• **Data for processing**
----------

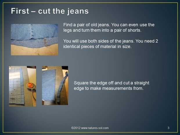 Se utilice ambos lados de los pantalones vaqueros. Necesita 2 piezas idénticas del material de tamaño.
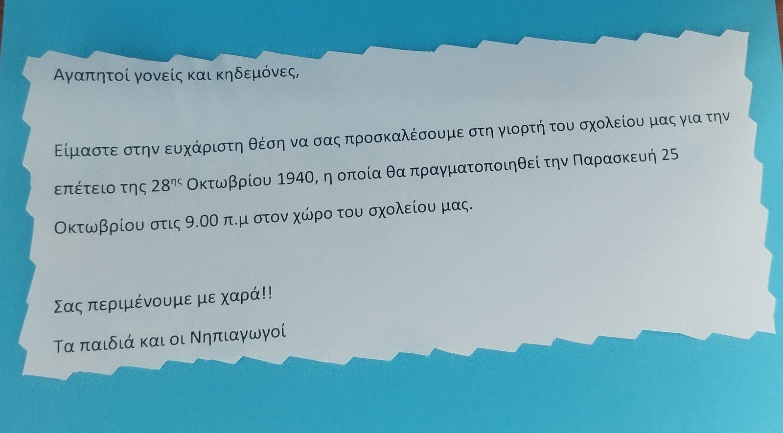 Πρόσκληση γιορτής για την Επέτειο της 28ης Οκτωβρίου 1940
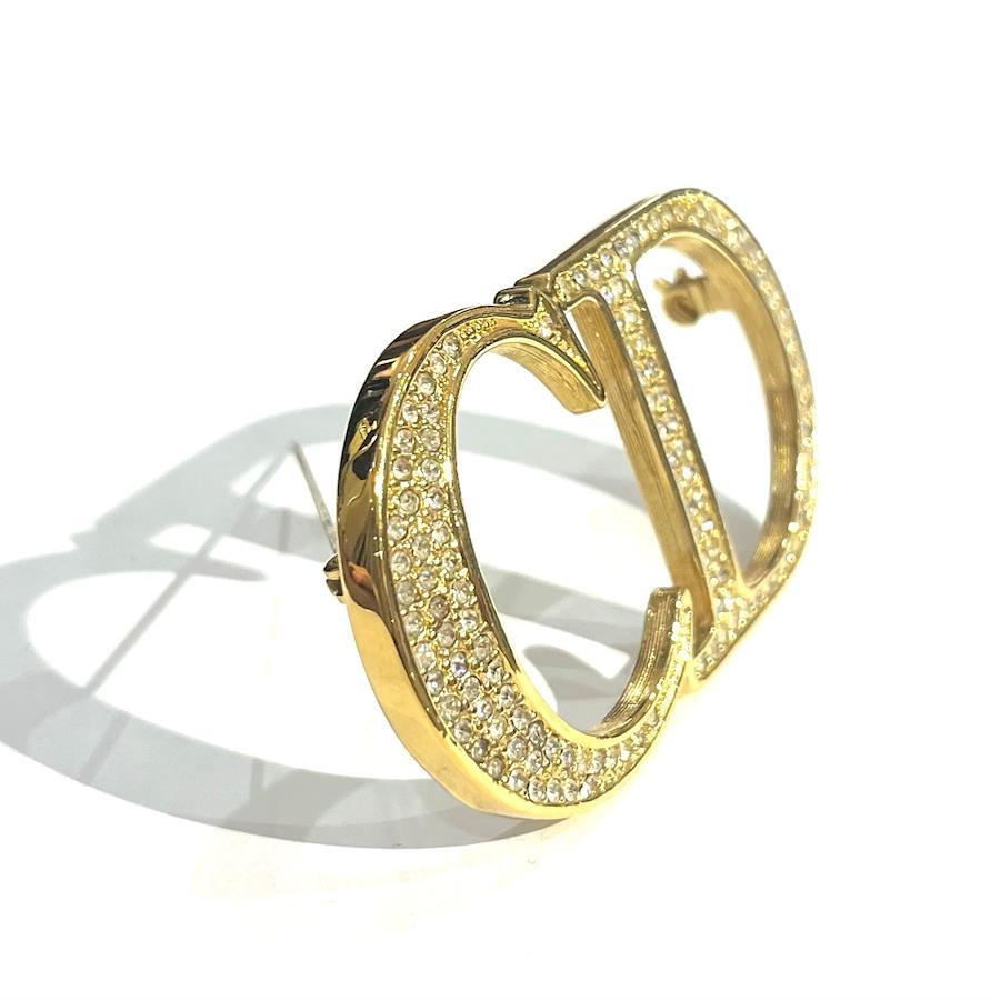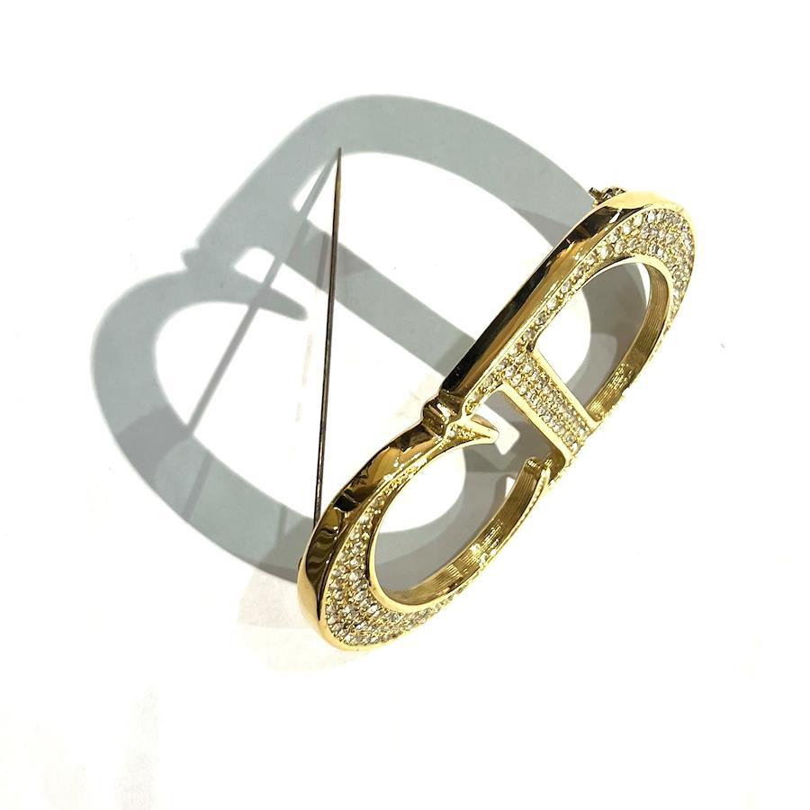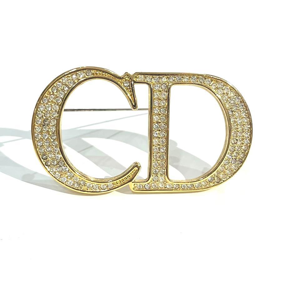 [Christian Dior] CD Logo Rhinestone Brooch / Gold / 6.2 x 3.4 cm / Vintage Dior Accessories - The iconic "CD" that shines through the ages -
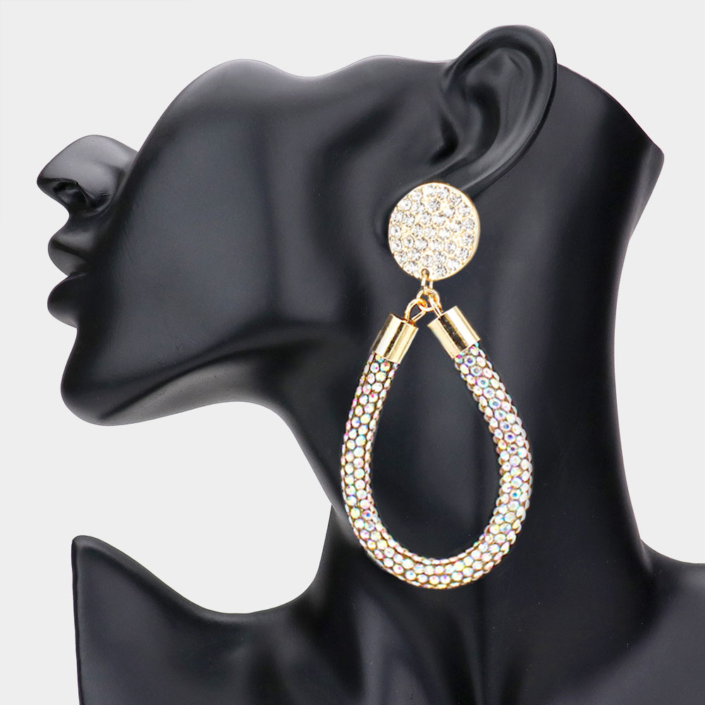 Rhinestone Pave Open Teardrop Dangle Earrings
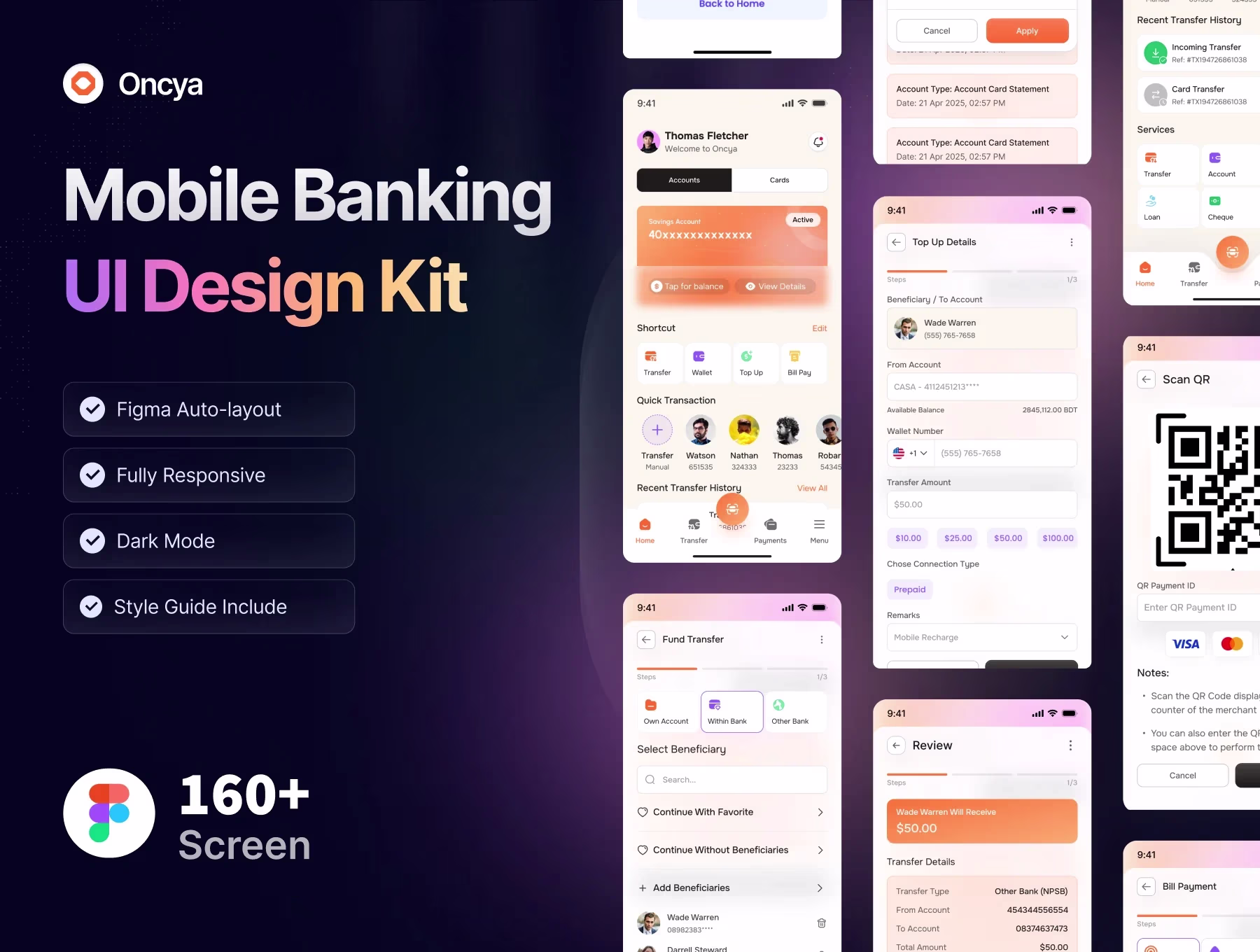 Oncya – Fintech Mobile Banking UI Kit
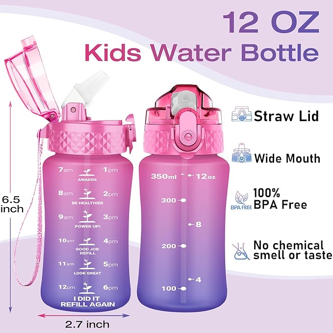 - 【Best for Kids】: Specifically designed for young children to promote hydration throughout the day. The flip-top lid incorporates a safety lock to prevent dust and leaks and can be effortlessly
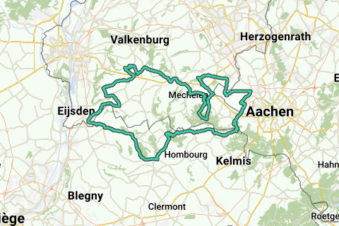 Rondrit Heuvelland 47 vanuit Vijlen. Start/ finish: boscafé 't Hijgend Hert, Rugweg, Vijlen. Beklimmingen: Kruisberg zuidoost Nijswiller 1.000 m., max. 12,0%. Kerkstraat/ Viergrenzenweg Vaals 3.000 m., max. 8,0%. Dorpsstraat/Kultjen Remersdaal (B) 2.400 m., max. 7,0%. Heiweg Mesch 1.600 m., max. 7,0%. Rondelenstraat Mheer 1.200 m., max. 8,0%. Hilleshagerweg Mechelen/Vijlen 2.400 m., max. 6,0%. Pannisberg Vijlen 3.600 m., max. 7,0%. Hoogtemeters: 1.164. Koffiestop: brasserie Der Pley, Pley 27, 's-Gravenvoeren (B) (di gesloten).
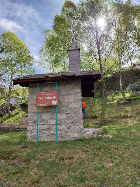 Passiamo dall’Alpe I Casali, 789, dove c’è la bella baita di un amico, e raggiungiamo Piazza Grande, 921, in corrispondenza di una cappella con piccolo campanile e di un’indicazione altimetrica “generosa” (quasi tre quarti d’ora). Nel grande alpeggio, direi un paesino sparso su una vasta zona, ci rifocilliamo al sole e al riparo dal vento. Alle baite più alte, sulla sinistra, riprendiamo il sentiero A33 che, passando dall’indicazione dell’Alpe Crota, ci porta all’altro vasto alpeggio di La Tagliata, 1221, in meno di tre quarti d’ora.
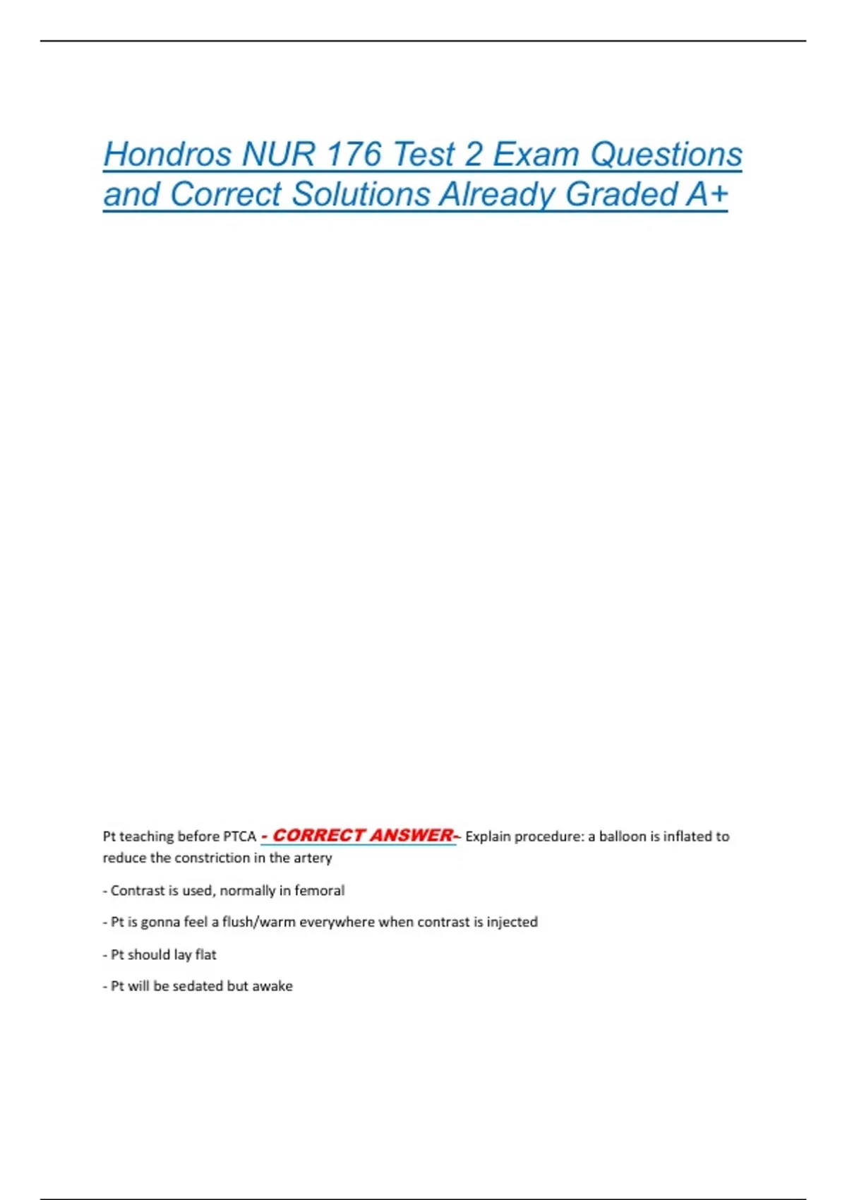 Pt teaching before PTCA - CORRECT ANSWER-- Explain procedure: a balloon is inflated to
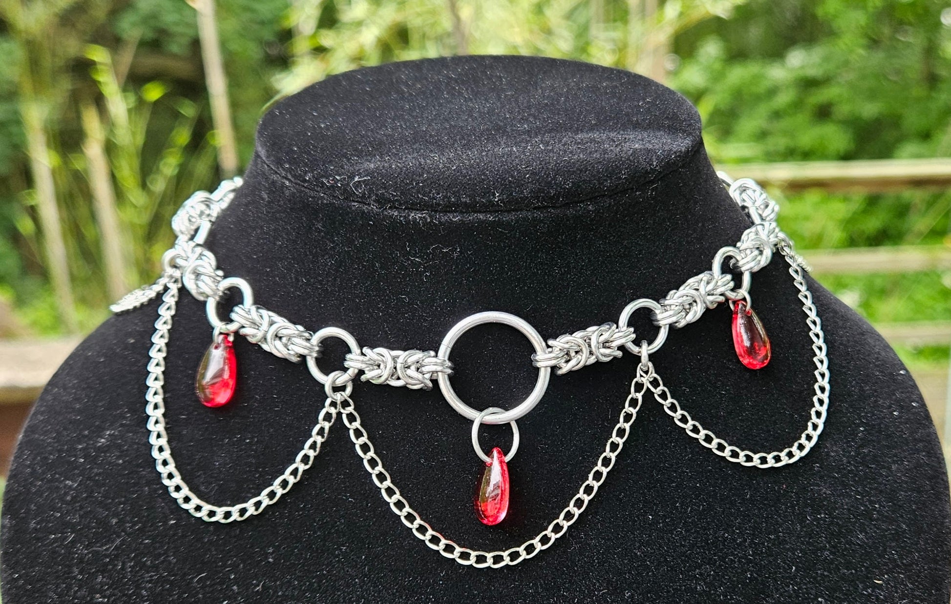 This piece is a lovely and enchanting work of metal with vampiric red drips framed in more silver colored chains. The size can easily be adjusted to better fit the receiver and if red isn't the color for you, the beads can be swapped out for another color as well prior to purchase.

----------

• **What you need to do**
With the pictures omitted, the material is to be transcribed exactly.

• **Response for this exercise**
 Se utilice ambos lados de los pantalones vaqueros. Necesita 2 piezas idénticas del material de tamaño.
 Πρόσκληση γιορτής για την Επέτειο της 28ης Οκτωβρίου 1940
 [Christian Dior] CD Logo Rhinestone Brooch / Gold / 6.2 x 3.4 cm / Vintage Dior Accessories - The iconic "CD" that shines through the ages -
 Rhinestone Pave Open Teardrop Dangle Earrings
 Oncya – Fintech Mobile Banking UI Kit
 - 【Best for Kids】: Specifically designed for young children to promote hydration throughout the day. The flip-top lid incorporates a safety lock to prevent dust and leaks and can be effortlessly
 Rondrit Heuvelland 47 vanuit Vijlen. Start/ finish: boscafé 't Hijgend Hert, Rugweg, Vijlen. Beklimmingen: Kruisberg zuidoost Nijswiller 1.000 m., max. 12,0%. Kerkstraat/ Viergrenzenweg Vaals 3.000 m., max. 8,0%. Dorpsstraat/Kultjen Remersdaal (B) 2.400 m., max. 7,0%. Heiweg Mesch 1.600 m., max. 7,0%. Rondelenstraat Mheer 1.200 m., max. 8,0%. Hilleshagerweg Mechelen/Vijlen 2.400 m., max. 6,0%. Pannisberg Vijlen 3.600 m., max. 7,0%. Hoogtemeters: 1.164. Koffiestop: brasserie Der Pley, Pley 27, 's-Gravenvoeren (B) (di gesloten).
 Passiamo dall’Alpe I Casali, 789, dove c’è la bella baita di un amico, e raggiungiamo Piazza Grande, 921, in corrispondenza di una cappella con piccolo campanile e di un’indicazione altimetrica “generosa” (quasi tre quarti d’ora). Nel grande alpeggio, direi un paesino sparso su una vasta zona, ci rifocilliamo al sole e al riparo dal vento. Alle baite più alte, sulla sinistra, riprendiamo il sentiero A33 che, passando dall’indicazione dell’Alpe Crota, ci porta all’altro vasto alpeggio di La Tagliata, 1221, in meno di tre quarti d’ora.
 Pt teaching before PTCA - CORRECT ANSWER-- Explain procedure: a balloon is inflated to
 This piece is a lovely and enchanting work of metal with vampiric red drips framed in more silver colored chains. The size can easily be adjusted to better fit the receiver and if red isn't the color for you, the beads can be swapped out for another color as well prior to purchase.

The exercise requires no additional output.